Material for this exercise ▸
- - - -
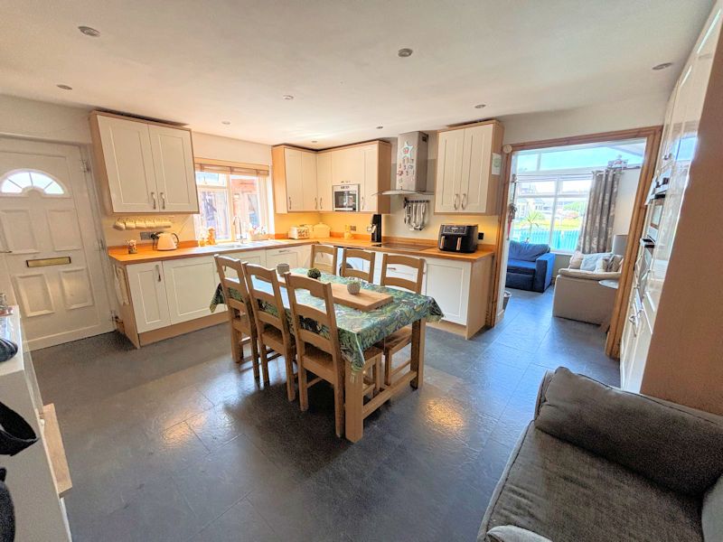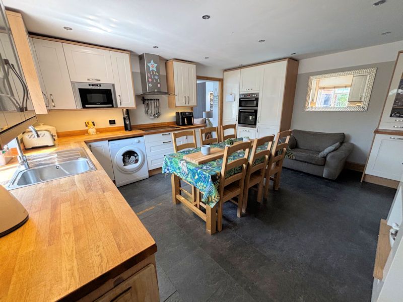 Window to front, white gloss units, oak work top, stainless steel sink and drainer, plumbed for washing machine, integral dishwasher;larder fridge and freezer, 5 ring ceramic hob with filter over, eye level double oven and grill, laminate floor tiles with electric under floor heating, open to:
- - - -
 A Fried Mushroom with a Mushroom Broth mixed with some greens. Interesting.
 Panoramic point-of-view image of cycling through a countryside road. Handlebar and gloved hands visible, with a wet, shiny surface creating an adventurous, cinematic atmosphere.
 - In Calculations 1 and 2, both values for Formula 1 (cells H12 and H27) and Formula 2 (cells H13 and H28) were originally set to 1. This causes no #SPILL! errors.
- - - -
What you should do ▸
For the listing above, print only the lines starting at the line containing "A Fried Mushroom" and ending at the line containing "- In Calculations", exactly, both included.

Solution ▸
 A Fried Mushroom with a Mushroom Broth mixed with some greens. Interesting.
 Panoramic point-of-view image of cycling through a countryside road. Handlebar and gloved hands visible, with a wet, shiny surface creating an adventurous, cinematic atmosphere.
 - In Calculations 1 and 2, both values for Formula 1 (cells H12 and H27) and Formula 2 (cells H13 and H28) were originally set to 1. This causes no #SPILL! errors.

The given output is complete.